The Blue Spoon is a small neighborhood restaurant on Congress Street in Munjoy Hill.  With only 10 or so tables, we were thrilled to get a table for two on a Saturday night.  The menu was small, but interesting, featuring a wide variety of dishes ranging from real “meat and potatoes” type dishes to delicate and exotic seafood offerings, and interesting vegetarian offerings to boot.  The categories spanned “snacks,” “appetizers,” “salads,” “entrees,” and “accompaniments.”  I don’t know if that is what they were really named, but suffice it to say that one could pick and choose from the offerings and enjoy a varied and satisfying dinner.  We did!

We started with a “snack” of feta with honey and herbs.  The combination of the slightly sour and tart cheese with the delicious honey and pungent herbs was really outstanding.  Friends: expect to see this at a dinner party near you soon.

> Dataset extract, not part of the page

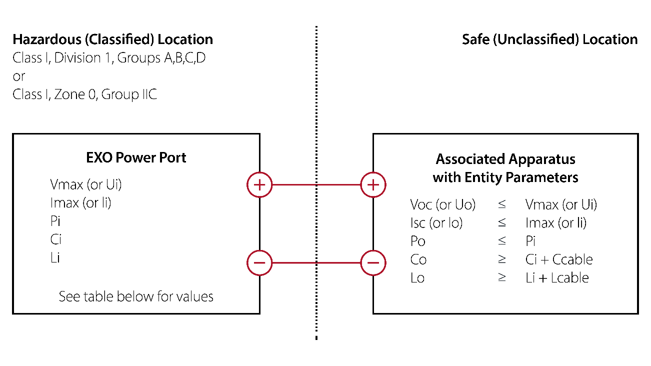 Install EXO power port accessories as shown in the following electrical diagram to ensure intrinsic safety.Figure 1. Power port parameters diagram

This was our appetizer – an asparagus and gruyere gouda tart.  I think it was gruyere.  In any event, if anyone from the Blue Spoon staff stumbles upon this blog: please make this tart about 8X larger and serve it as a flatbread pizza.  If the salad at Vignola was the best salad I’ve ever had, this was the best combination of dough, cheese, and a vegetable I ever had.  The cheese was perfectly creamy and nutty, the asparagus cooked to a perfect al-dente, and the crust was thin and crisp.  Gosh I wish I had one now.

Finally, both Claudia and I enjoyed the pan-fried potato gnocchi with ramps in a butter sage sauce, with parmesan cheese.  I don’t think I really need to say anything more, but this dish was as good as it sounded.  I don’t particularly care for wilted greens, but the flavor of the ramps was very nice – oniony and garlicky without being overpowering.  

All said, I enjoyed my trip, and would definitely take advantage of future opportunities to eat and walk my way through Portland.  There are a few more pictures up on my Flickr page (link in the bar on the right) for fellow travel-lovers.


2 Responses to “Eating Well and Walking it Off in Portland Maine: The Porthole and The Blue Spoon”

  1. 1 Claudia May 11, 2009 at 9:05 pm

    I think it was Gouda actually – on the Asparagus Tart….but I second it was delicious!

  2. 2 Emily May 12, 2009 at 12:51 pm

    While, as a vegetarian, Italian Restaurants often leave me underwhelmed, gnocchi is one of my favorite dishes ever. Marc and I had a similar dish in Seattle with a brown butter herb sauce that I still dream about. We got a small dish because it was so darn expensive and only literally got 6 pieces each. Sounds like you had a delicious trip!